*PROBLEM DESCRIPTION*
For this exercise, output the entries below exactly from the line that holds "2時間目は1年生の劇を見せて" to the line that holds "Büyük Gemici Takvim", both ends included. No pictures belong in the copy.

*SUPPLIED MATERIAL*
- - - - -
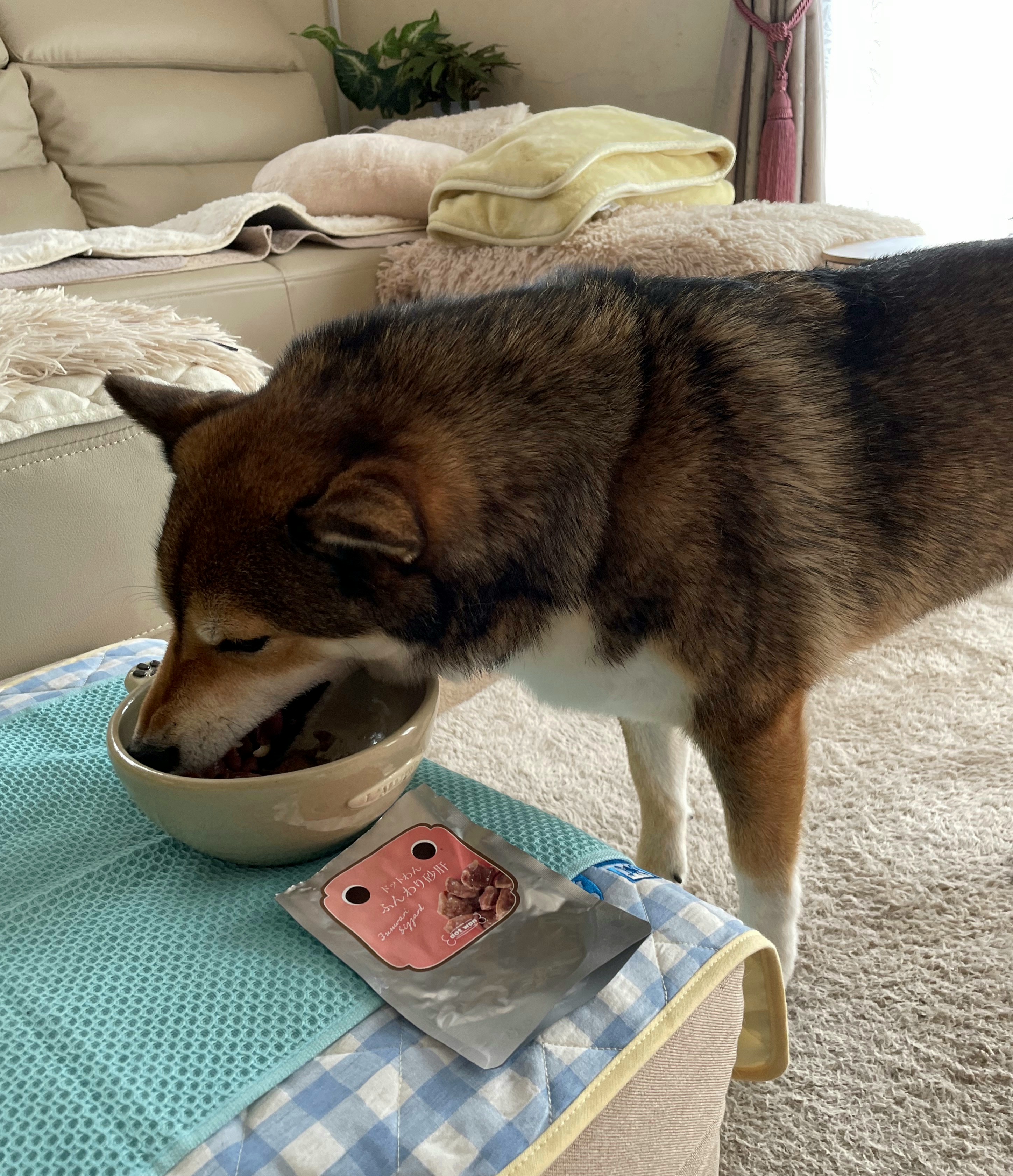 我が家の愛犬と姉の愛犬たち3匹で食べました。 我が家の愛犬に合わせたので、かなり小さく切って分けて食べました。 切っている間も、温めている間も落ち着きがなくウロウロ、キュンキュンと鳴いてました。それだけ楽しみだったのだと思います。 姉の家の愛犬も最近はトッピングなしでも食べるようになったようですが、すごくおいしかったようでいつもよりも早く完食してました。
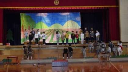 2時間目は1年生の劇を見せてもらいました。小学校に入って初めての学芸会。セリフもたくさんあって覚えるのがたいへんそう。少し緊張気味で早口になったり、最後まではっきり話せなかったり、あと2週間あれば、ずいぶん上手になるでしょう。
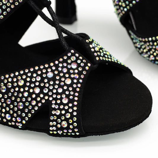 Stylish Black Microfiber Latin Dance Boots With Crystals
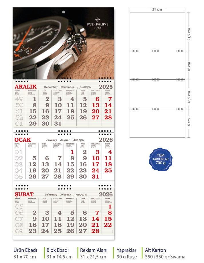 Büyük Gemici Takvim Extra (Üç Parça Spiralli)
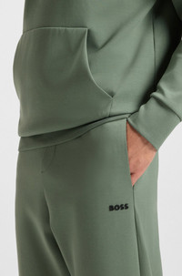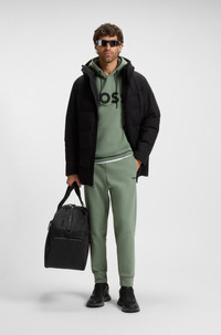 SIZE AND FIT The model wears a size M and is 6'0" tall with a, 38" chest, 30" waist and 37" hips. DETAILS Featuring a molded logo and sporty stripes, these regular-fit BOSS Menswear tracksuit bottoms are an easy building block. Cotton with stretch. Cuffed hems. Regular fit Regular rise Drawstring Pockets bottom front: Side pockets Pockets bottom back: Welt pocket Pants Zone - 50543070 QUALITY & CARE INSTRUCTIONS Material: 62% Cotton, 33% Polyester, 5% Elastane, pocketing: 100% Polyester Iron Low Heat Do Not Tumble Dry Do Not Bleach Do Not Dry Clean Machine Wash Cold Gentle
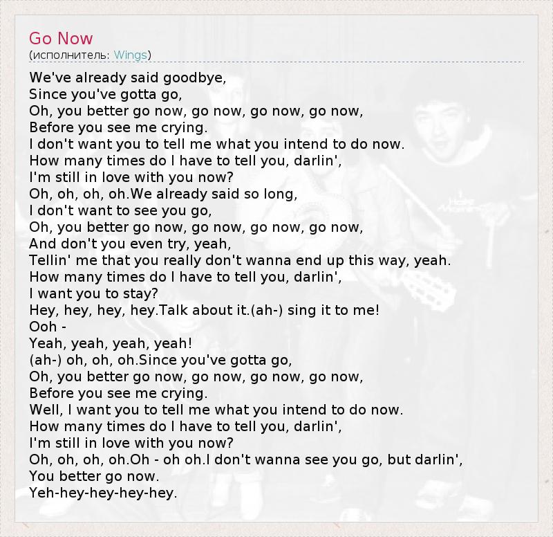 Oh, oh, oh, oh.Oh - oh oh.I don't wanna see you go, but darlin',
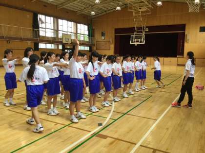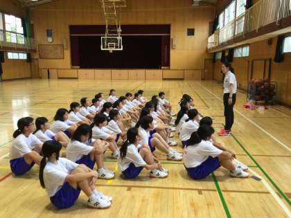 3時間目に1年5組6組の女子生徒を対象にした、教育実習生による体育科の研究授業が体育館でありました。
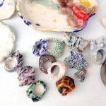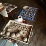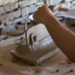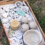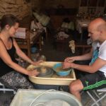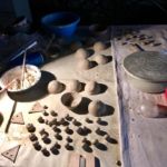 ez már a tábor második napja, az itt levők már berendezkedtek. kezdetnek agyagozás, formák, nedves agyag, tapicskolás. korongozás, koncentrálás. kis tálkák, golyók, hasáb, előregyártott sablon alapján fűszertartó. csak meg ne repedjen. mert levegős.
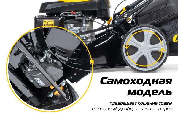 Самоходный привод на колёса перемещает косилку самостоятельно, поэтому оператору не требуется прилагать усилий для её толкания, что экономит его силы и ускоряет процесс кошения.
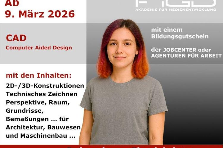 Am 09. März 2026 beginnt eine praxisorientierte CAD-Weiterbildung, die Ihnen neue berufliche Perspektiven in Architektur, Bauwesen, Facility Management und Maschinenbau eröffnet. In einer Zeit, in der digitale Planungs- und Konstruktionsprozesse zum Standard gehören, sind fundierte Kenntnisse in 2D- und 3D-Konstruktionen entscheidend für Ihren beruflichen Erfolg. Genau hier setzt die Qualifizierung der FiGD Akademie an und […]
- - - - -
*WRITTEN SOLUTION*
 2時間目は1年生の劇を見せてもらいました。小学校に入って初めての学芸会。セリフもたくさんあって覚えるのがたいへんそう。少し緊張気味で早口になったり、最後まではっきり話せなかったり、あと2週間あれば、ずいぶん上手になるでしょう。
 Stylish Black Microfiber Latin Dance Boots With Crystals
 Büyük Gemici Takvim Extra (Üç Parça Spiralli)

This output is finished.